**Exercise prompt**: Return each line below exactly as it reads, and omit any image in it.

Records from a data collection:
Segment Open
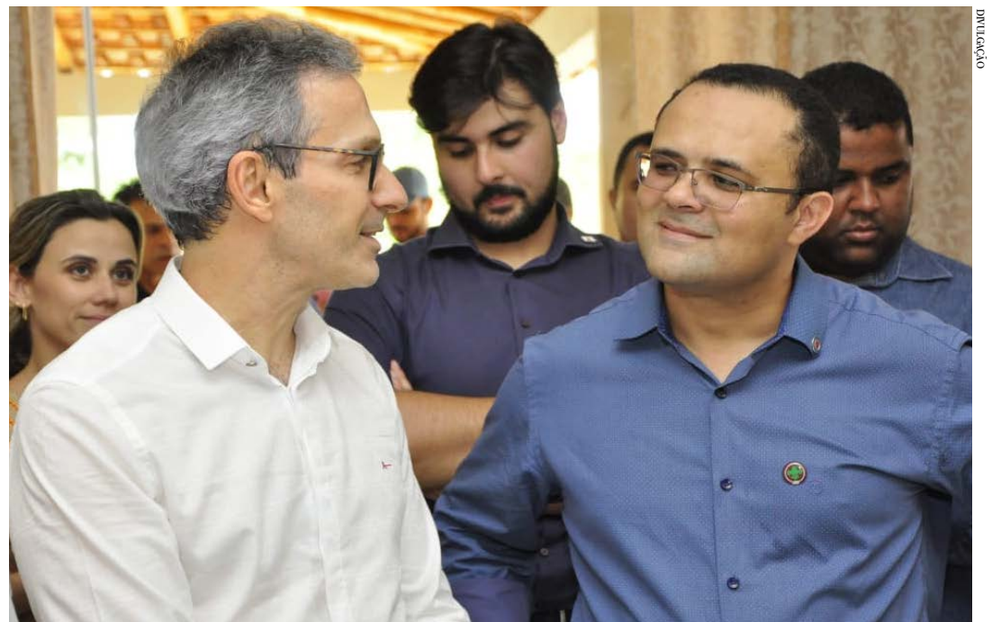
com o deputado Zé Reis e governador

No ano passado, o Estado adiou por duas vezes o aumento da tarifa do pedágio, depois que realizou acordo com a concessionária Eco135. A primeira suspensão do aumento foi por 90 dias e depois por mais 60 dias. A medida foi alinhada com as ações adotadas pelo Comitê Extraordinário do Covid, para tratar e mitigar as consequências fiscais, econômicas e financeiras provocadas pela pan-
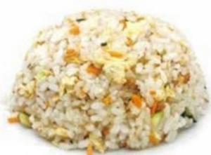
159. RISO ALLE VERDURE uovo, verdure 🌿 €5
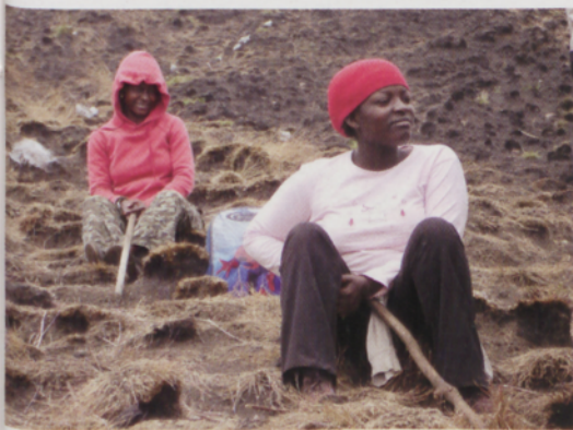
■ Montañeras locales

presbiteriana. No hay tráfico. Nadie se atreve a desafiar la huelga que ha paralizado la región en protesta por el aumento del precio de la gasolina. Argumentan que la extracción del petróleo de las cercanas aguas del Golfo no les supone ninguna ventaja. Mientras, los grises tejados de hojalata de las chabolas se unen a la neblina impregnando el paisaje con una tonalidad triste. Lagartos de colores vivaces escapan a nuestro paso. Comenzamos a ganar altura sobre terreno abierto en las inmediaciones de una granja-prisión en la que los presos comunes cumplen su condena. Varios hombres talan árboles a golpe de machete mientras hombres viejos de aspecto acartonado se agachan sobre modestas plantaciones en busca de unas patatas dulces, unas piñas... Nos internamos en la selva. El sendero no tiene pérdida posible, el terreno es abrupto, resquebrajado a menudo por raíces que sobresalen del mismo. Con una temperatura que oscila durante todo el año entre los 20° y los 28°C, la elevada humedad nos hace sudar mientras atravesamos la espesura. Resulta un alivio toparnos en un claro con el primero de los refugios (1865 m / 2h 20); apenas un par de construcciones de hojalata elevadas del suelo mediante unos pilares.
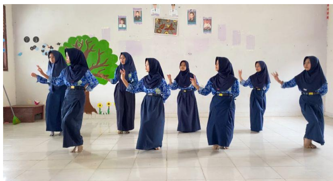
Guru Melakukan Evaluasi Kepada Siswa
Segment Closed
**Result**:
com o deputado Zé Reis e governador

No ano passado, o Estado adiou por duas vezes o aumento da tarifa do pedágio, depois que realizou acordo com a concessionária Eco135. A primeira suspensão do aumento foi por 90 dias e depois por mais 60 dias. A medida foi alinhada com as ações adotadas pelo Comitê Extraordinário do Covid, para tratar e mitigar as consequências fiscais, econômicas e financeiras provocadas pela pan-
159. RISO ALLE VERDURE uovo, verdure 🌿 €5
■ Montañeras locales

presbiteriana. No hay tráfico. Nadie se atreve a desafiar la huelga que ha paralizado la región en protesta por el aumento del precio de la gasolina. Argumentan que la extracción del petróleo de las cercanas aguas del Golfo no les supone ninguna ventaja. Mientras, los grises tejados de hojalata de las chabolas se unen a la neblina impregnando el paisaje con una tonalidad triste. Lagartos de colores vivaces escapan a nuestro paso. Comenzamos a ganar altura sobre terreno abierto en las inmediaciones de una granja-prisión en la que los presos comunes cumplen su condena. Varios hombres talan árboles a golpe de machete mientras hombres viejos de aspecto acartonado se agachan sobre modestas plantaciones en busca de unas patatas dulces, unas piñas... Nos internamos en la selva. El sendero no tiene pérdida posible, el terreno es abrupto, resquebrajado a menudo por raíces que sobresalen del mismo. Con una temperatura que oscila durante todo el año entre los 20° y los 28°C, la elevada humedad nos hace sudar mientras atravesamos la espesura. Resulta un alivio toparnos en un claro con el primero de los refugios (1865 m / 2h 20); apenas un par de construcciones de hojalata elevadas del suelo mediante unos pilares.
Guru Melakukan Evaluasi Kepada Siswa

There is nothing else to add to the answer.